# Goblin



## Morne (28/1/15)

Who's got the Goblin in stock!


----------



## rogue zombie (28/1/15)

Vape Club


----------



## Riddle (28/1/15)

Vapeclub is sold out. I wonder how soon will they be getting more in stock

Reactions: Informative 1


----------



## rogue zombie (28/1/15)

oh sorry, my bad


----------



## Riddle (28/1/15)

Haha I also referred someone there and today they told me they out of stock

Reactions: Like 1


----------



## Rob Fisher (28/1/15)

I'm not surprised the Goblins are sold out... best Tank I have ever used since I was born!

Reactions: Like 3 | Agree 1


----------



## Riddle (28/1/15)

Rob Fisher said:


> I'm not surprised the Goblins are sold out... best Tank I have ever used since I was born!


I'm really looking forward to get one of these.

Reactions: Like 1 | Agree 2


----------



## JakesSA (28/1/15)

We do have them on order, lead times have doubled though and Chinese new year is looming!!

Reactions: Like 2 | Informative 1


----------



## KB_314 (28/1/15)

Rob Fisher said:


> I'm not surprised the Goblins are sold out... best Tank I have ever used since I was born!


Hi @Rob Fisher - how do you find the flavour compared with your subtank?


----------



## Rob Fisher (28/1/15)

KB_314 said:


> Hi @Rob Fisher - how do you find the flavour compared with your subtank?



It's WAY better than the Sub Tank! In fact it's WAY WAY better!

Reactions: Like 2 | Agree 1


----------



## KB_314 (28/1/15)

Rob Fisher said:


> It's WAY better than the Sub Tank! In fact it's WAY WAY better!

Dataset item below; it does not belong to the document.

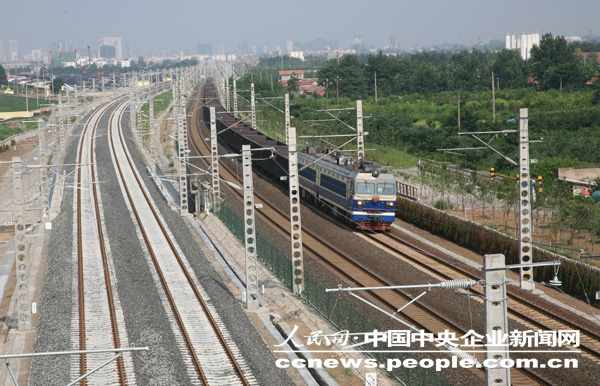 7月20日,一列貨物列車在原有的膠濟(濟南至青島)dianqihuatieluweifangdongqujianjishierguo。bansuizhezhongguotiejiandianqihuajulianhetichengjiandejiaojitielukeyunzhuanxiandongduanshunlikaitong,lijingbainiancangsangdejiaojitielucongcigaobiekehuohunpaodelishi,shixianlekehuofenliuyunshu,xinjianchengdekeyunzhuanxian(左側雙線)的行車時速可達250公裏。作為直接服務於2008北京奧運會的重點交通項目,來自世界各國的運動員和觀眾將有幸乘坐這條高速、美觀、綠色的奧運大通道直抵位於青島的奧帆賽賽場。(趙守民劉渝攝影報道)
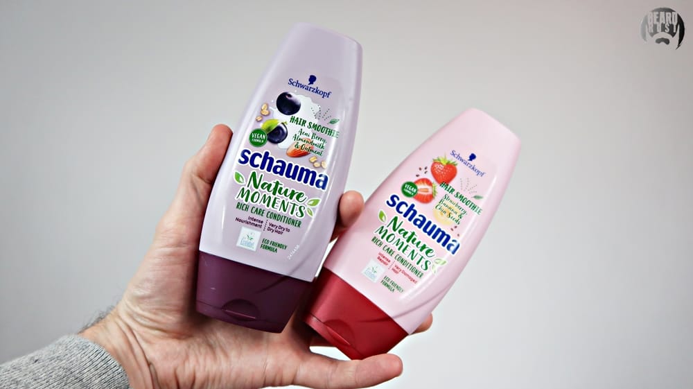 Któregoś dnia w lokalnym markecie moją uwagę przykuły odżywki do włosów marki Schwarzkopf. To co mnie w nich zaciekawiło to mała zielona naklejka Vegan Formula. Jeśli wiecie lub nie to mija prawie rok od kiedy zostałem wegetarianinem, więc wszystkie rzeczy na których widzę napisy vege przykuwają moją uwagę. Odżwki Shauma Nature Moments to jak producent określa Hair Smoothie, czyli szejk do włosów. Dostępne są dwa produkty: odżywka do bardzo zniszczonych włosów z truskawką, bananem i nasionami chia oraz odżywka do suchych i bardzo suchych włosów z acai, mleczkiem migdałowym i płatkami owsianymi. Początkowo myślałem, że to tylko ładnie brzmi i wygląda, ale jak zajrzałem do składu to pozytywnie się zdziwiłem. Otóż oba produkty mają dosyć krótkie i proste składy. Bardzo wysoko w składzie jest np. gliceryna, masło shea oraz ekstrakty z ww roślin. Odżywki przepięknie pachną, mają super kremową konsystencję, a efekty po ich używaniu widać od razu. Włosy są miękkie, ładnie się rozczesują, są odżywione i błyszczą. Bez wahania stawiam je przed odżywką Garnier. Nie mam uwag. Za butlę 200 ml zapłacimy śmieszne 8-10 zł. Polecam.

Emphatic. (I'm suffering from a little buyers remorse right now) Wasn't going to bother asking, but if it's that good.. how does it measure up to your favourite Reo setup?


----------



## Rob Fisher (28/1/15)

KB_314 said:


> Emphatic. (I'm suffering from a little buyers remorse right now) Wasn't going to bother asking, but if it's that good.. how does it measure up to your favourite Reo setup?



It stacks up pretty well... the vapes are a bit different... the Goblin with this set up is a little bit harsher (not in a bad way) and the REO with the Cyclone is smoother... If I could only choose one device I will still select the Cyclone/REO combo but I'm lucky I don't have to... but I have to say it's the first day in a very long time that I vaped on something other than a REO for 90% of the day! The novelty of the Goblin hasn't worn off like happens with most other devices I try.

The Sigelei 100+ is a BIG device (especially compared to a REO) but the battery life with the dual 18650's is amazing... I have vaped on it all day and the battery indicator is at 82%.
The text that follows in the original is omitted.